→ **WORK INSTRUCTIONS**: Output all records verbatim.

→ **DATA LISTING**:
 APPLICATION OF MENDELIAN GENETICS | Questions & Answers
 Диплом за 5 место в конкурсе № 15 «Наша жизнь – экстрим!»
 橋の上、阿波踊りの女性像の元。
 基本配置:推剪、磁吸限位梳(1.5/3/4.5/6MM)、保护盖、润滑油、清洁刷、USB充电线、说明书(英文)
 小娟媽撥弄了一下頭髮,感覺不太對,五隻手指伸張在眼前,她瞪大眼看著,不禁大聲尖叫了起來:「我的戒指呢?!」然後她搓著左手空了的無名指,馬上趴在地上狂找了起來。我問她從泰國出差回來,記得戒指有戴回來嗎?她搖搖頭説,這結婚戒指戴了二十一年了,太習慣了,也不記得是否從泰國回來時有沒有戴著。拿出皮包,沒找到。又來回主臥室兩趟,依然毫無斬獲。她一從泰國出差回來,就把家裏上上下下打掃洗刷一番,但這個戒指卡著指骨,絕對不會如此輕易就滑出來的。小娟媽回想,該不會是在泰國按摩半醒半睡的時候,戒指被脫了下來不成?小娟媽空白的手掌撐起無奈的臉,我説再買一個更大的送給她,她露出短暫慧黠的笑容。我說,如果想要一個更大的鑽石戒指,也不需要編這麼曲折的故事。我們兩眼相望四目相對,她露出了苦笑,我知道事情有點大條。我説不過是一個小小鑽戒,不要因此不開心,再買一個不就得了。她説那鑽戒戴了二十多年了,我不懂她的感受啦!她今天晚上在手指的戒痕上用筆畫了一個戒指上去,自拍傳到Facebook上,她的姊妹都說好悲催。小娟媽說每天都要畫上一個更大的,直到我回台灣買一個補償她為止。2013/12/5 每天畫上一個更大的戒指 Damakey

→ **TASK RESULT**:
 APPLICATION OF MENDELIAN GENETICS | Questions & Answers
 Диплом за 5 место в конкурсе № 15 «Наша жизнь – экстрим!»
 橋の上、阿波踊りの女性像の元。
 基本配置:推剪、磁吸限位梳(1.5/3/4.5/6MM)、保护盖、润滑油、清洁刷、USB充电线、说明书(英文)
 小娟媽撥弄了一下頭髮,感覺不太對,五隻手指伸張在眼前,她瞪大眼看著,不禁大聲尖叫了起來:「我的戒指呢?!」然後她搓著左手空了的無名指,馬上趴在地上狂找了起來。我問她從泰國出差回來,記得戒指有戴回來嗎?她搖搖頭説,這結婚戒指戴了二十一年了,太習慣了,也不記得是否從泰國回來時有沒有戴著。拿出皮包,沒找到。又來回主臥室兩趟,依然毫無斬獲。她一從泰國出差回來,就把家裏上上下下打掃洗刷一番,但這個戒指卡著指骨,絕對不會如此輕易就滑出來的。小娟媽回想,該不會是在泰國按摩半醒半睡的時候,戒指被脫了下來不成?小娟媽空白的手掌撐起無奈的臉,我説再買一個更大的送給她,她露出短暫慧黠的笑容。我說,如果想要一個更大的鑽石戒指,也不需要編這麼曲折的故事。我們兩眼相望四目相對,她露出了苦笑,我知道事情有點大條。我説不過是一個小小鑽戒,不要因此不開心,再買一個不就得了。她説那鑽戒戴了二十多年了,我不懂她的感受啦!她今天晚上在手指的戒痕上用筆畫了一個戒指上去,自拍傳到Facebook上,她的姊妹都說好悲催。小娟媽說每天都要畫上一個更大的,直到我回台灣買一個補償她為止。2013/12/5 每天畫上一個更大的戒指 Damakey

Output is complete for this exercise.